WORK ORDER: Exact copies of all the lines below are required, with the pictures omitted.

INFORMATION PROVIDED:
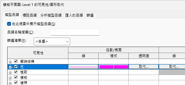 可見性與圖形顯示的大多數取代是在「可見性/圖形」對話方塊中進行的。但個別元素取代例外;此類元素的取代是在「視圖特有的元素圖形」對話方塊中進行的。
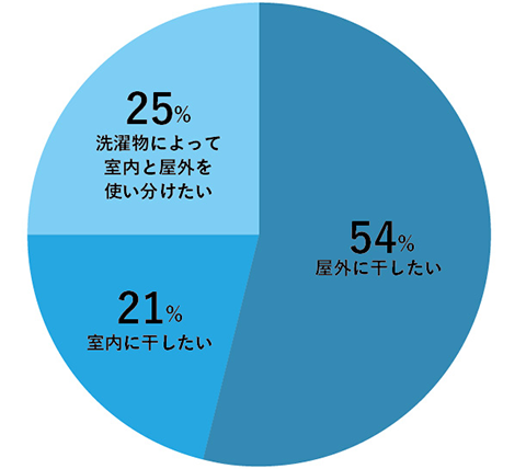 次に多かったのが「洗濯物によって室內(nèi)と屋外を使い分けたい」(25%)というハイブリッド型の意見(jiàn)です。「日常的には外干し。夜や雨の日、花粉の季節(jié)は部屋干し」「ラグやシーツ、厚手のトレーナーなどは外干し。それ以外は乾燥機(jī)」「日焼けが気になるデリケートな素材や下著は部屋干し。それ以外は外干し」というように、衣類の種類や生活狀況、天候條件などに応じて柔軟に対応したいと考える方が全體の4分の1を占めました。
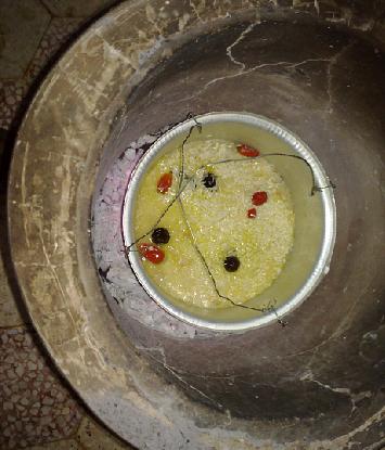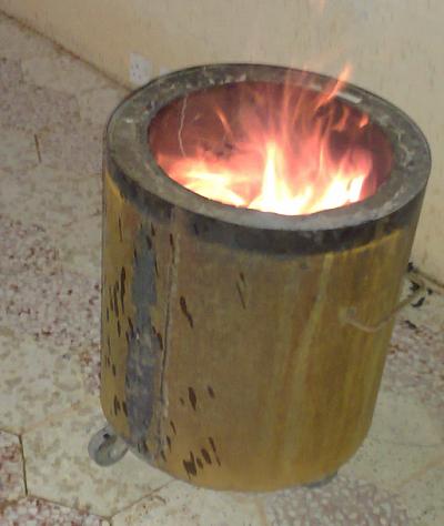 بعد مايجمّر البرميل نحط قدر الرز ونرفعه عن الجمر قد اصبع

OUTPUT OF THE EXERCISE:
 可見性與圖形顯示的大多數取代是在「可見性/圖形」對話方塊中進行的。但個別元素取代例外;此類元素的取代是在「視圖特有的元素圖形」對話方塊中進行的。
 次に多かったのが「洗濯物によって室內(nèi)と屋外を使い分けたい」(25%)というハイブリッド型の意見(jiàn)です。「日常的には外干し。夜や雨の日、花粉の季節(jié)は部屋干し」「ラグやシーツ、厚手のトレーナーなどは外干し。それ以外は乾燥機(jī)」「日焼けが気になるデリケートな素材や下著は部屋干し。それ以外は外干し」というように、衣類の種類や生活狀況、天候條件などに応じて柔軟に対応したいと考える方が全體の4分の1を占めました。
 بعد مايجمّر البرميل نحط قدر الرز ونرفعه عن الجمر قد اصبع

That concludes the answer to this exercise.